==== EXERCISE DATA ====

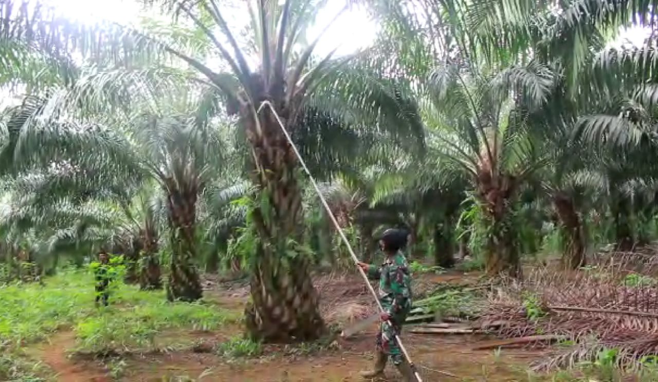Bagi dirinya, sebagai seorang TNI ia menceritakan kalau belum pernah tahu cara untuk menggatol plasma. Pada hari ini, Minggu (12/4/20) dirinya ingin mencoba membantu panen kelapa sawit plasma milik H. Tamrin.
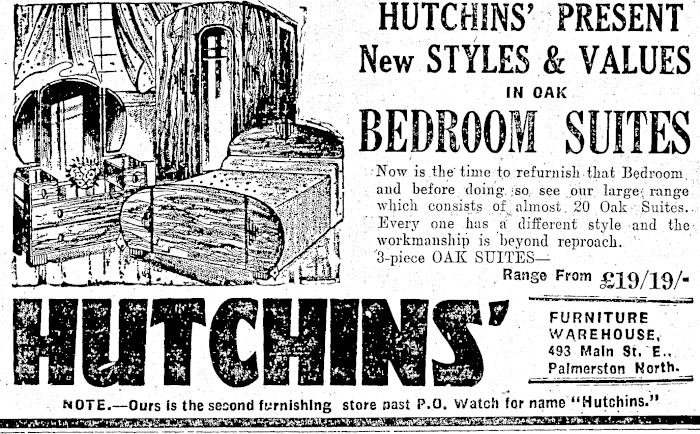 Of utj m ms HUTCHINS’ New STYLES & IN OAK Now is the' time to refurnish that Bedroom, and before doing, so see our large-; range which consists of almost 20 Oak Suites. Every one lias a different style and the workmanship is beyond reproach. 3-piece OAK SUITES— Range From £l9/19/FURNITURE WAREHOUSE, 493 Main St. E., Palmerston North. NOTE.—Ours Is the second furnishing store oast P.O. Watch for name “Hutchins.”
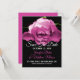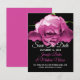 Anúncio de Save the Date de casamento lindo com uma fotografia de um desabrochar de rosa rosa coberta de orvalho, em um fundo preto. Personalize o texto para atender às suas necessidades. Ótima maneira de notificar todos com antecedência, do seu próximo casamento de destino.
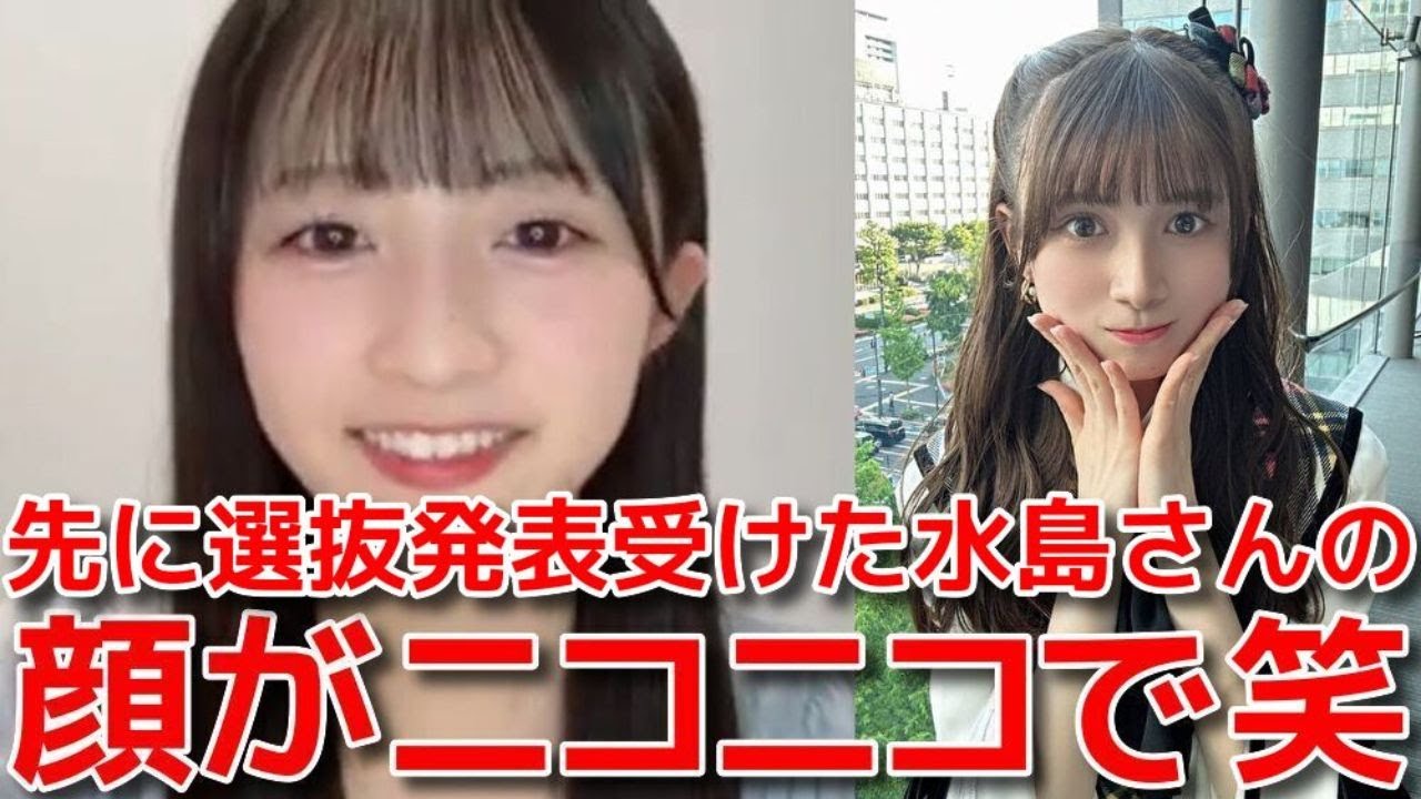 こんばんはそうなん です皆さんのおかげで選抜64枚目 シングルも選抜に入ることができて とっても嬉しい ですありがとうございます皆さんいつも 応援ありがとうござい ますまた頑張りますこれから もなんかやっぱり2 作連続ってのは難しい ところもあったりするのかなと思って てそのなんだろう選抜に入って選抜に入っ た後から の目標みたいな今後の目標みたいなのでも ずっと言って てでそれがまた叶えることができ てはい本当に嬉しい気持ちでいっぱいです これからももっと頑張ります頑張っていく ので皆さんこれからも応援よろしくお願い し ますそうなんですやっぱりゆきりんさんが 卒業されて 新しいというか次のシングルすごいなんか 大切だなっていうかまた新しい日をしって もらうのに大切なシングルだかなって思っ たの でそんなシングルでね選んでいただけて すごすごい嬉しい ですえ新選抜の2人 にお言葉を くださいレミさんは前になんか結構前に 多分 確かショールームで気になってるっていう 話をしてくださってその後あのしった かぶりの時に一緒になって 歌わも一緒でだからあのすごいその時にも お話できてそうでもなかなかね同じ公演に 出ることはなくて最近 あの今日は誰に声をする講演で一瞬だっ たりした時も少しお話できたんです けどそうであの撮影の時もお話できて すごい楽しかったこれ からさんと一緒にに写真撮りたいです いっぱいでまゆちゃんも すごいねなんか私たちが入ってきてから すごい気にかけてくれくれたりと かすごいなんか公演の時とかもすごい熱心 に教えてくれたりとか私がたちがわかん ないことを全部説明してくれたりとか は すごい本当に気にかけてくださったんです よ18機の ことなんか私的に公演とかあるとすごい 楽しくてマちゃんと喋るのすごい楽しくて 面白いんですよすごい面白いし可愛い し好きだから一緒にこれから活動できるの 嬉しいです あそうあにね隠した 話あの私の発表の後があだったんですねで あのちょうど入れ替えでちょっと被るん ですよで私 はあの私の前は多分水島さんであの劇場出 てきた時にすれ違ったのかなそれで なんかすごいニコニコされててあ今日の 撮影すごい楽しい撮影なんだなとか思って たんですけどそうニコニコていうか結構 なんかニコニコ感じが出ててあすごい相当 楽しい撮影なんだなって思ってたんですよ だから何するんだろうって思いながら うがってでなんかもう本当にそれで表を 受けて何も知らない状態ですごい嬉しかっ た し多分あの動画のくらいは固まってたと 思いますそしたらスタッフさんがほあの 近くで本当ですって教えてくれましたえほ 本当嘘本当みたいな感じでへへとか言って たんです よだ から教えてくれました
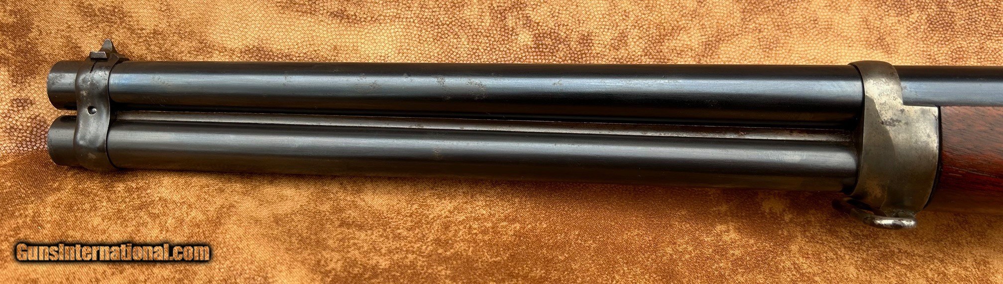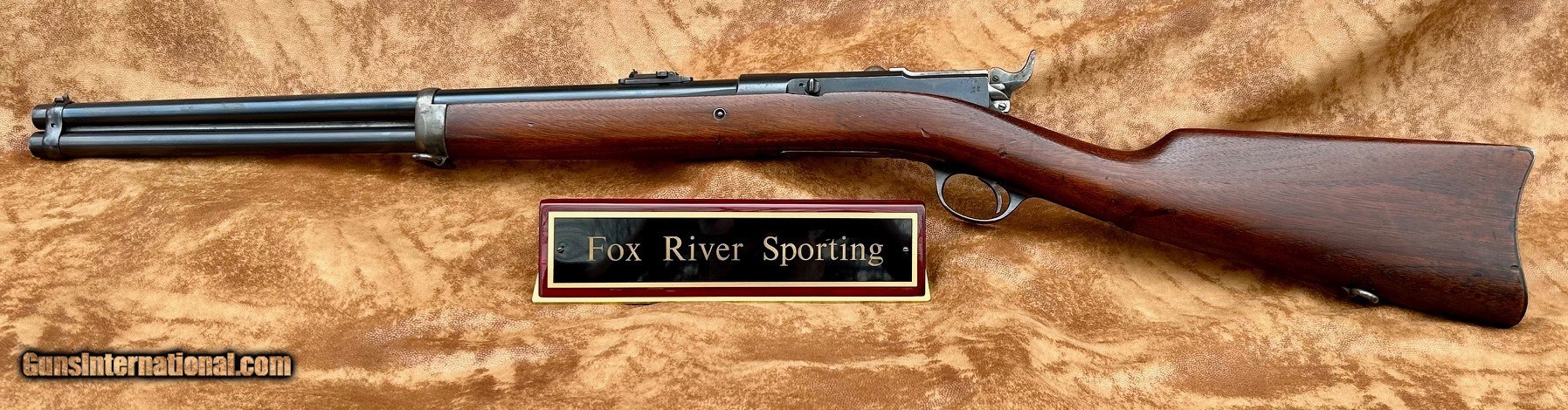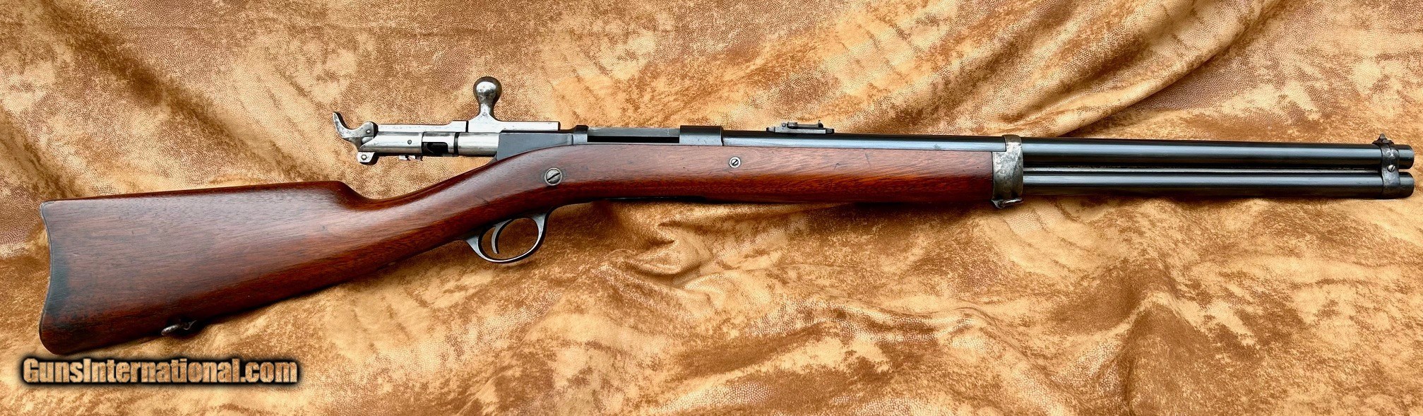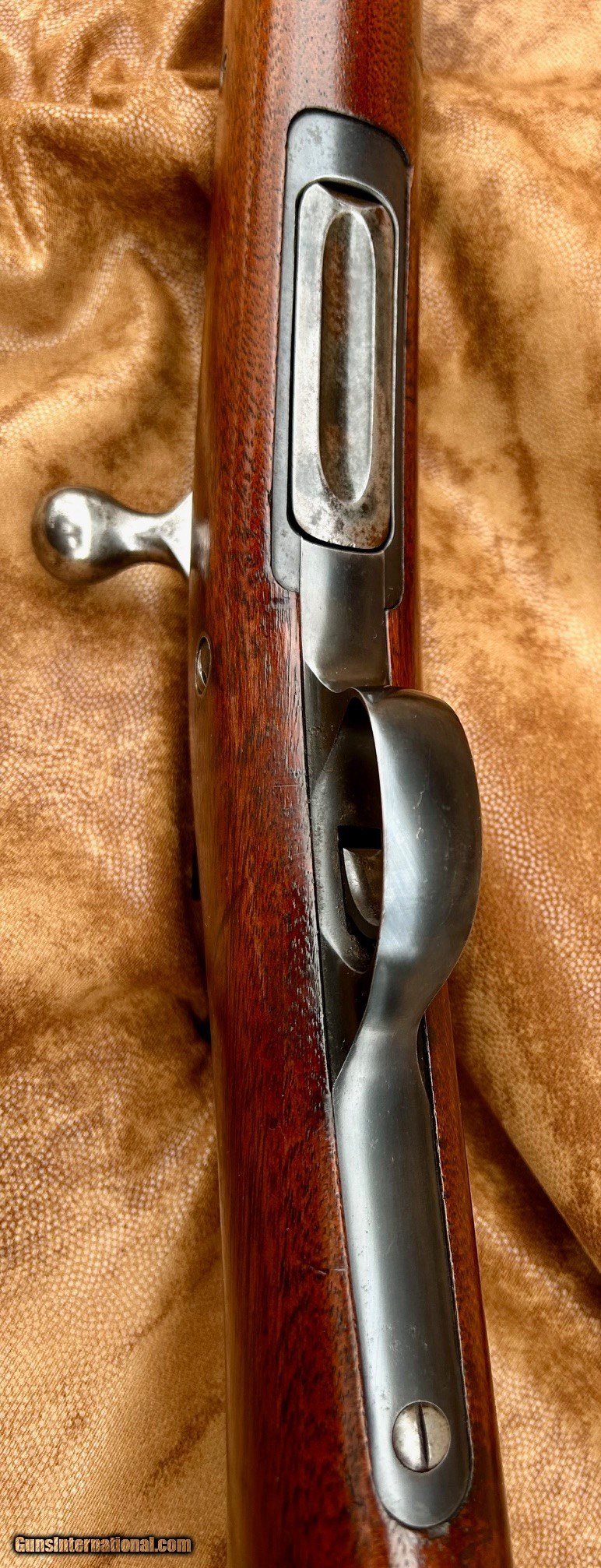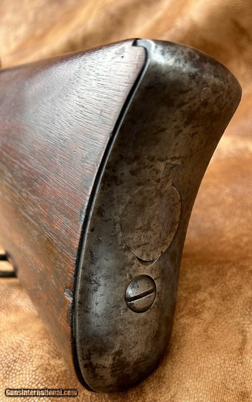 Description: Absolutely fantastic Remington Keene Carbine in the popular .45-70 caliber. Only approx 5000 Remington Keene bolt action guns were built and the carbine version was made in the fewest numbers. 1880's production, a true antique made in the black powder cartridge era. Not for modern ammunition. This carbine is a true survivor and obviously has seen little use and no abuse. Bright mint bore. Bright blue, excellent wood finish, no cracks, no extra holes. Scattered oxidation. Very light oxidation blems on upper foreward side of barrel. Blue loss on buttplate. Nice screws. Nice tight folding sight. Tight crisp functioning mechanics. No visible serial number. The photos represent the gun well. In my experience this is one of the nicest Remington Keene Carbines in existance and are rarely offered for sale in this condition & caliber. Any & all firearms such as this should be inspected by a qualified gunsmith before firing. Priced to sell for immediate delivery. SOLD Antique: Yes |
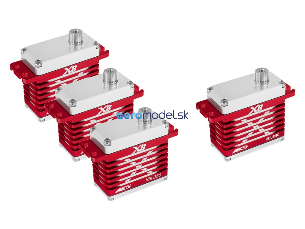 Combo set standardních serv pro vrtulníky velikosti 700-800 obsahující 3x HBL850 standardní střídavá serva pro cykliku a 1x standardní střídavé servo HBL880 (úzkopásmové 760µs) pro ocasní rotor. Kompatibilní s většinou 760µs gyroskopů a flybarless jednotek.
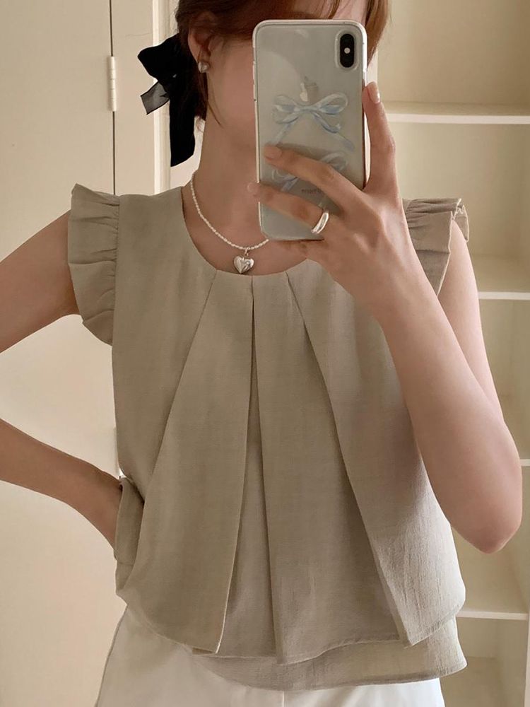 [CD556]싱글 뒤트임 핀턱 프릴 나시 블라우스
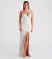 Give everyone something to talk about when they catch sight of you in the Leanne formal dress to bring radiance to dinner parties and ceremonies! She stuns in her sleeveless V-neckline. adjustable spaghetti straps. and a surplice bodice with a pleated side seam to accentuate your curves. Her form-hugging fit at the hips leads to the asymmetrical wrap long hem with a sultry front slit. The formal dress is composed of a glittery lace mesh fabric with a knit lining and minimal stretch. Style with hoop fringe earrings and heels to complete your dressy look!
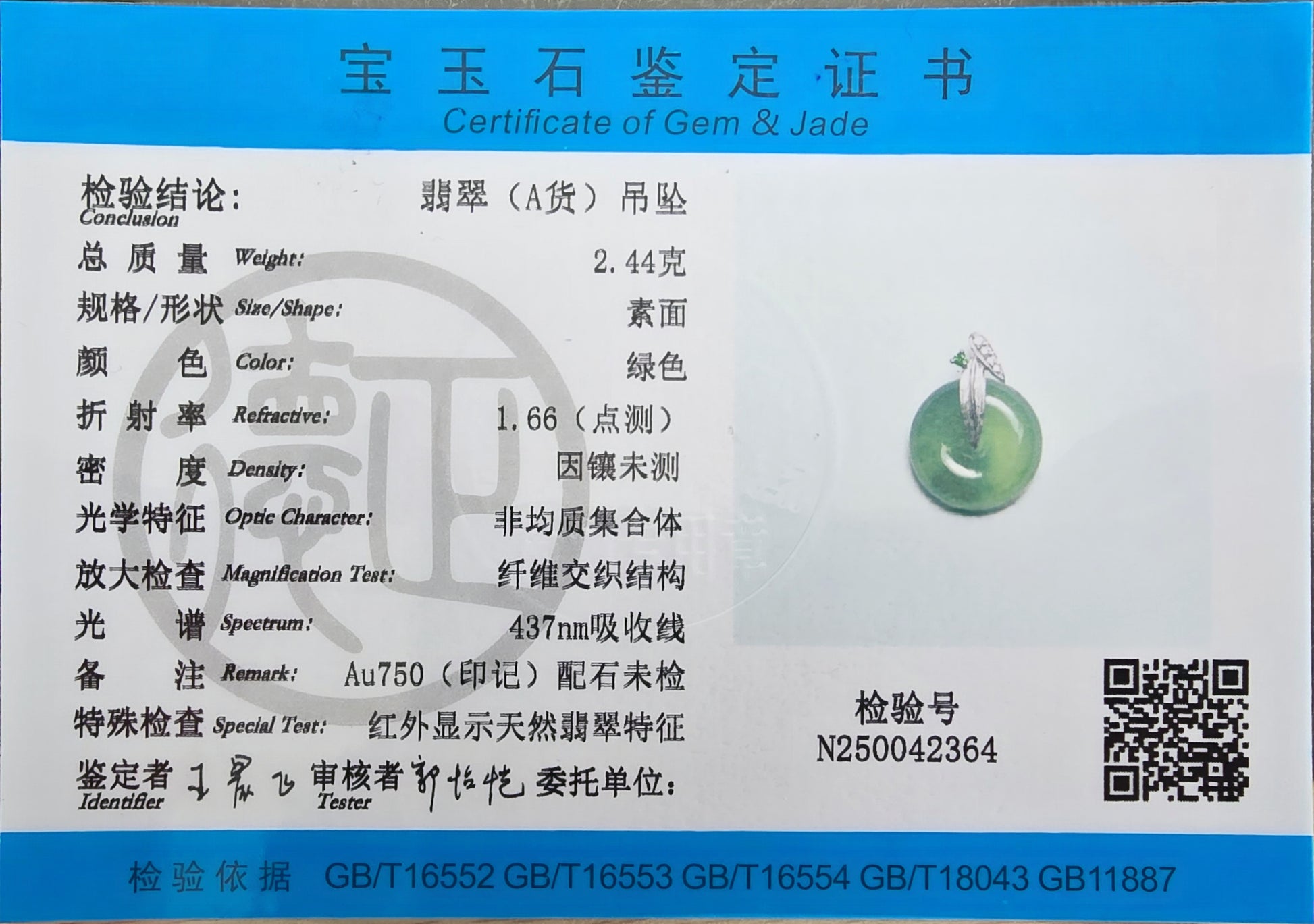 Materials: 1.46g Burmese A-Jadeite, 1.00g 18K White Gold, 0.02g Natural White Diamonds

====

When you transcribe these entries, keep every word exact and drop the pictures.

Bagi dirinya, sebagai seorang TNI ia menceritakan kalau belum pernah tahu cara untuk menggatol plasma. Pada hari ini, Minggu (12/4/20) dirinya ingin mencoba membantu panen kelapa sawit plasma milik H. Tamrin.
 Of utj m ms HUTCHINS’ New STYLES & IN OAK Now is the' time to refurnish that Bedroom, and before doing, so see our large-; range which consists of almost 20 Oak Suites. Every one lias a different style and the workmanship is beyond reproach. 3-piece OAK SUITES— Range From £l9/19/FURNITURE WAREHOUSE, 493 Main St. E., Palmerston North. NOTE.—Ours Is the second furnishing store oast P.O. Watch for name “Hutchins.”
 Anúncio de Save the Date de casamento lindo com uma fotografia de um desabrochar de rosa rosa coberta de orvalho, em um fundo preto. Personalize o texto para atender às suas necessidades. Ótima maneira de notificar todos com antecedência, do seu próximo casamento de destino.
 こんばんはそうなん です皆さんのおかげで選抜64枚目 シングルも選抜に入ることができて とっても嬉しい ですありがとうございます皆さんいつも 応援ありがとうござい ますまた頑張りますこれから もなんかやっぱり2 作連続ってのは難しい ところもあったりするのかなと思って てそのなんだろう選抜に入って選抜に入っ た後から の目標みたいな今後の目標みたいなのでも ずっと言って てでそれがまた叶えることができ てはい本当に嬉しい気持ちでいっぱいです これからももっと頑張ります頑張っていく ので皆さんこれからも応援よろしくお願い し ますそうなんですやっぱりゆきりんさんが 卒業されて 新しいというか次のシングルすごいなんか 大切だなっていうかまた新しい日をしって もらうのに大切なシングルだかなって思っ たの でそんなシングルでね選んでいただけて すごすごい嬉しい ですえ新選抜の2人 にお言葉を くださいレミさんは前になんか結構前に 多分 確かショールームで気になってるっていう 話をしてくださってその後あのしった かぶりの時に一緒になって 歌わも一緒でだからあのすごいその時にも お話できてそうでもなかなかね同じ公演に 出ることはなくて最近 あの今日は誰に声をする講演で一瞬だっ たりした時も少しお話できたんです けどそうであの撮影の時もお話できて すごい楽しかったこれ からさんと一緒にに写真撮りたいです いっぱいでまゆちゃんも すごいねなんか私たちが入ってきてから すごい気にかけてくれくれたりと かすごいなんか公演の時とかもすごい熱心 に教えてくれたりとか私がたちがわかん ないことを全部説明してくれたりとか は すごい本当に気にかけてくださったんです よ18機の ことなんか私的に公演とかあるとすごい 楽しくてマちゃんと喋るのすごい楽しくて 面白いんですよすごい面白いし可愛い し好きだから一緒にこれから活動できるの 嬉しいです あそうあにね隠した 話あの私の発表の後があだったんですねで あのちょうど入れ替えでちょっと被るん ですよで私 はあの私の前は多分水島さんであの劇場出 てきた時にすれ違ったのかなそれで なんかすごいニコニコされててあ今日の 撮影すごい楽しい撮影なんだなとか思って たんですけどそうニコニコていうか結構 なんかニコニコ感じが出ててあすごい相当 楽しい撮影なんだなって思ってたんですよ だから何するんだろうって思いながら うがってでなんかもう本当にそれで表を 受けて何も知らない状態ですごい嬉しかっ た し多分あの動画のくらいは固まってたと 思いますそしたらスタッフさんがほあの 近くで本当ですって教えてくれましたえほ 本当嘘本当みたいな感じでへへとか言って たんです よだ から教えてくれました
 Description: Absolutely fantastic Remington Keene Carbine in the popular .45-70 caliber. Only approx 5000 Remington Keene bolt action guns were built and the carbine version was made in the fewest numbers. 1880's production, a true antique made in the black powder cartridge era. Not for modern ammunition. This carbine is a true survivor and obviously has seen little use and no abuse. Bright mint bore. Bright blue, excellent wood finish, no cracks, no extra holes. Scattered oxidation. Very light oxidation blems on upper foreward side of barrel. Blue loss on buttplate. Nice screws. Nice tight folding sight. Tight crisp functioning mechanics. No visible serial number. The photos represent the gun well. In my experience this is one of the nicest Remington Keene Carbines in existance and are rarely offered for sale in this condition & caliber. Any & all firearms such as this should be inspected by a qualified gunsmith before firing. Priced to sell for immediate delivery. SOLD Antique: Yes |
 Combo set standardních serv pro vrtulníky velikosti 700-800 obsahující 3x HBL850 standardní střídavá serva pro cykliku a 1x standardní střídavé servo HBL880 (úzkopásmové 760µs) pro ocasní rotor. Kompatibilní s většinou 760µs gyroskopů a flybarless jednotek.
 [CD556]싱글 뒤트임 핀턱 프릴 나시 블라우스
 Give everyone something to talk about when they catch sight of you in the Leanne formal dress to bring radiance to dinner parties and ceremonies! She stuns in her sleeveless V-neckline. adjustable spaghetti straps. and a surplice bodice with a pleated side seam to accentuate your curves. Her form-hugging fit at the hips leads to the asymmetrical wrap long hem with a sultry front slit. The formal dress is composed of a glittery lace mesh fabric with a knit lining and minimal stretch. Style with hoop fringe earrings and heels to complete your dressy look!
 Materials: 1.46g Burmese A-Jadeite, 1.00g 18K White Gold, 0.02g Natural White Diamonds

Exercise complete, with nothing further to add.